Economic Resource Base: Located in southwest Virginia, Washington County (population 54,591 as of 2015 census estimates) is part of the greater Johnson City-Kingsport-Bristol, TN-VA combined statistical area (CSA), commonly known as the ‘Tri-Cities’ region. The economic resource base relies primarily on manufacturing jobs and those from the government sector. Taxable assessed values declined minimally during the recession and have returned to moderate expansion based on new construction and the county’s biennial reassessment schedule.

Revenue Framework: ‘aa’ factor assessment

Strong revenue growth over the last 10 years has reflected policy action by the county to increase revenues, among other factors. Fitch expects growth without revenue-raising measures to be slow going forward based on the nature of the county’s revenue system and the make-up of the economy. The county has independent legal ability to increase property taxes without limitation and has done so in the past as necessary.

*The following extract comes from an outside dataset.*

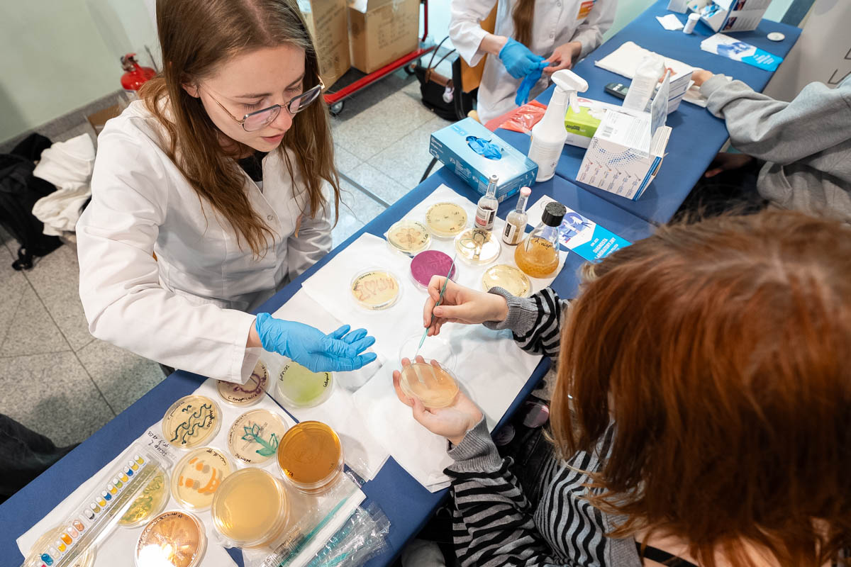 Many visitors also gathered at the stands, where queues frequently formed. For example, the Admissions stand was constantly visited by people curious about the requirements to be admitted to WUM. Stands representing individual fields, including those taught in English (ED and EDD), were also very popular. Students involved in scientific clubs prepared numerous attractions at their interactive stations, demonstrating medical curiosities. Visitors could practice emergency skills on manikins and simulators, examine anatomical models, measure glucose levels, or check their own metabolic age. An AI photo booth was another popular attraction.

Expenditure Framework: ‘aa’ factor assessment

Expenditures have grown along the lines of revenues and Fitch expects that trend to continue. The county’s expenditure control flexibility benefits from low carrying costs and the favorable workforce environment in Virginia.

Long-Term Liability Burden: ‘aaa’ factor assessment

The county has minimal debt, well-funded pensions and affordable future debt plans.

Operating Performance: ‘aaa’ factor assessment

The county is well positioned to address future downturns due to a combination of strong revenue and expenditure control and solid reserve levels. Minimal use of fund balance after the recession for nonrecurring purposes highlights the county’s ability to navigate fiscal stress without relying on significant use of the healthy financial cushion.

RATING SENSITIVITIES

MAINTENANCE OF STRONG FINANCIAL PROFILE: The rating is sensitive to the county continuing to maintain a solid financial position including strong reserves throughout the economic cycle.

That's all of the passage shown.